On the other hand, the author, when writing it, did not have any documents and even competent evidence. It is unlikely that writers and ordinary party members could express something more significant than personal guesses, and go further than an assessment of the literary style of a work. The topic was too "hot", and this is what predetermined the publication of the work, and the allegorical characters freed the author and others from responsibility.

Subsequently, B. A. Pilnyak wrote a number of other works, some of which were also recognized as anti-Soviet. He was arrested on October 25, 1937 at his dacha in Peredelkino. On April 21, 1938, B. A. Pilnyak-Vogau was convicted by the Military Collegium of the Supreme Court of the USSR and sentenced to death. The sentence was carried out on the same day.

Thus, the history of the death of M.V. Frunze is covered with a web of all kinds of versions, conjectures and conjectures. They have been exaggerated for many years, especially in recent years, when it has become especially fashionable to expose the Soviet government and personally I.V. Stalin in various crimes. Some authors and screenwriters have already reached the point where they have witnessed the murders of many political and military figures, scientists, writers ... Literary permissiveness, the virtual absence of censorship and scientific editing have led to the fact that the people have been flooded with abundant streams of custom-made and amateurish lies, which many accept for the truth. As a result, history is distorted and even changed beyond recognition. The democrats, who blamed many regimes for this, including the Soviet one, themselves easily and quickly adopted anti-scientific tricks and began to rewrite history to their own advantage. The life and death of M. V. Frunze became part of this “renewed” history.

It is quite obvious that Mikhail Vasilyevich was objectionable to many, hindered many in achieving their ambitious plans. The civil war ended victoriously for the communists, it is time to share power and receive privileges. There was a long line behind them. New positions were created. But the bureaucratic apparatus could not be dimensionless. Gradually filled all its cells. Soon, any advancement became possible only after the liberation of the higher level.

At the same time, those who managed to occupy the highest levels of power tried in every possible way to stay on them. For the sake of this, they put their people on the lower steps, mercilessly clearing the way for them.

The armed forces, although weakened, were a serious power that all politicians and all officials had to reckon with. At that time, there were too many people in their ranks who were used to defending their interests with weapons in their hands.
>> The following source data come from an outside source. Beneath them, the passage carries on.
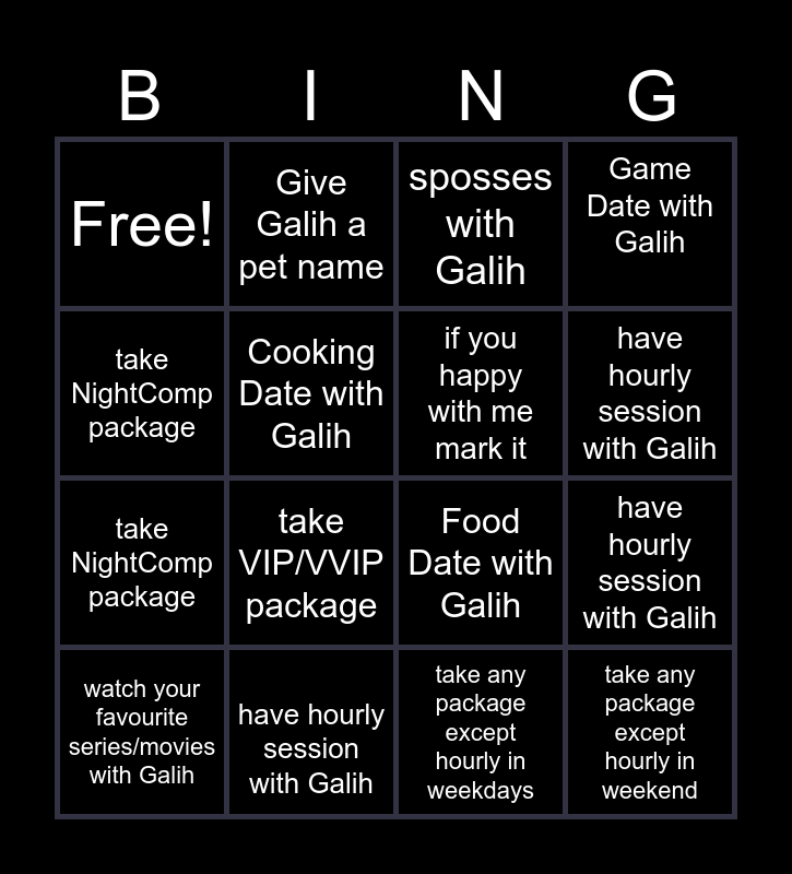 This bingo card has 16 words: watch your favourite series/movies with Galih, have hourly session with Galih, sposses with Galih, Game Date with Galih, take NightComp package, Give Galih a pet name, Food Date with Galih, have hourly session with Galih, Free!, Cooking Date with Galih, take any package except hourly in weekdays, have hourly session with Galih, take NightComp package, take VIP/VVIP package, if you happy with me mark it and take any package except hourly in weekend.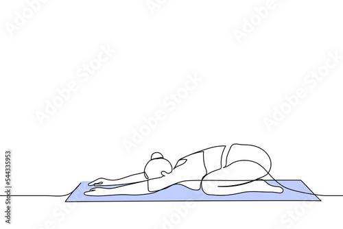 © Kamila Bay, Fototapeta premium woman lying on mat in yoga pose stretching her back - one line drawing vector. concept stretching in child exercise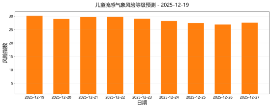 圖1 2025年12月19日至12月27日天津市兒童流感氣象風險指數預測趨勢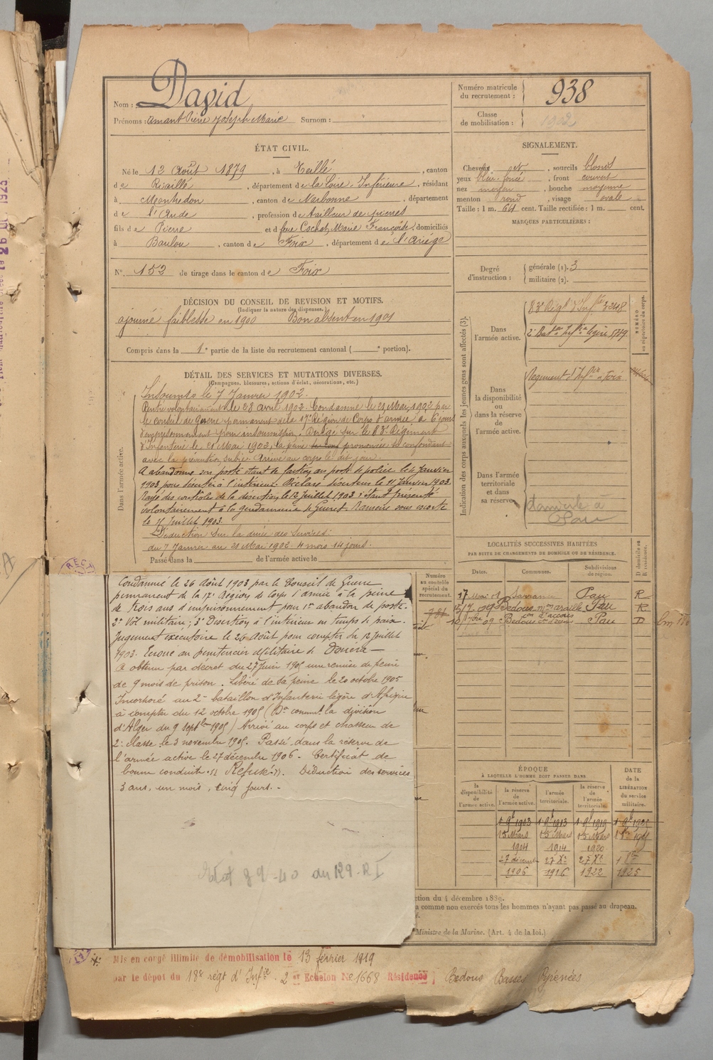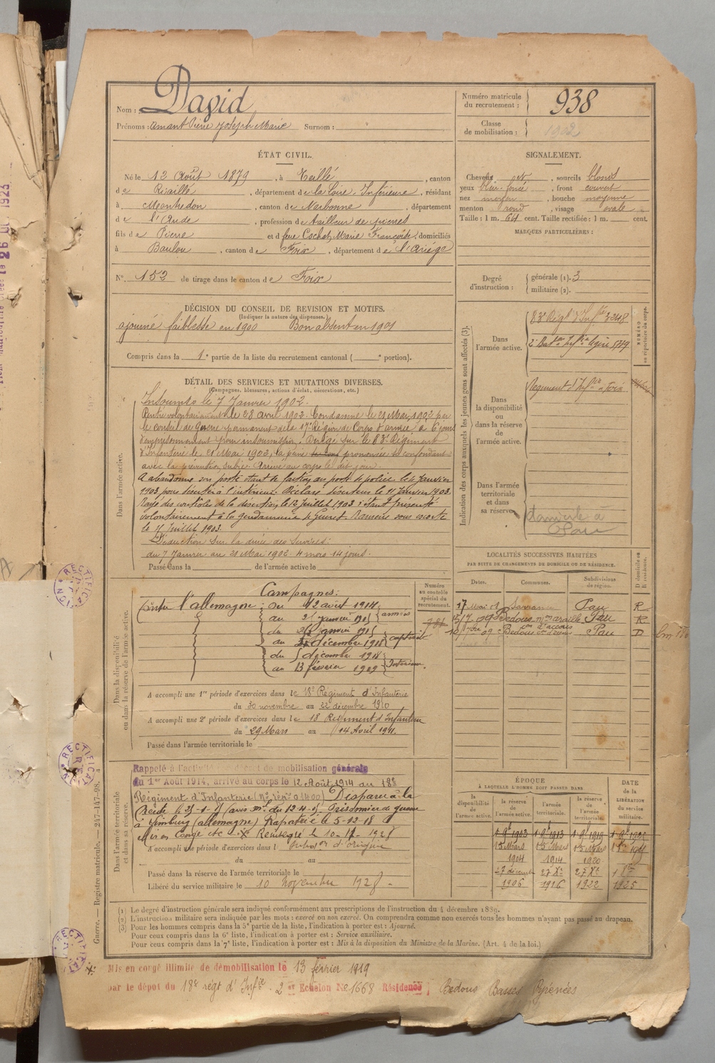 | David | Amant Pierre Joseph Marie | FOIX | 1 R 457 | 1899 | Teilhet | Montredon | 938 |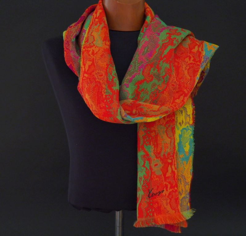 KENZO, Etole probablement en laine, à décor bariolé. Signée. 69 x 172,5 cm (un fil tiré)

There were also supporters of other parties. It was necessary to take this force under strict control, to ensure its unconditional devotion to power. This was finally done only at the end of the 30s.

M. V. Frunze did not fully fit into any of these frameworks. At the same time, according to his authority, he claimed a leading role in the Soviet structure, and received this role. In the future, big problems were to be expected from him. As you know, death solved many of them. And M. V. Frunze died. It remains to build versions about the true cause of this death.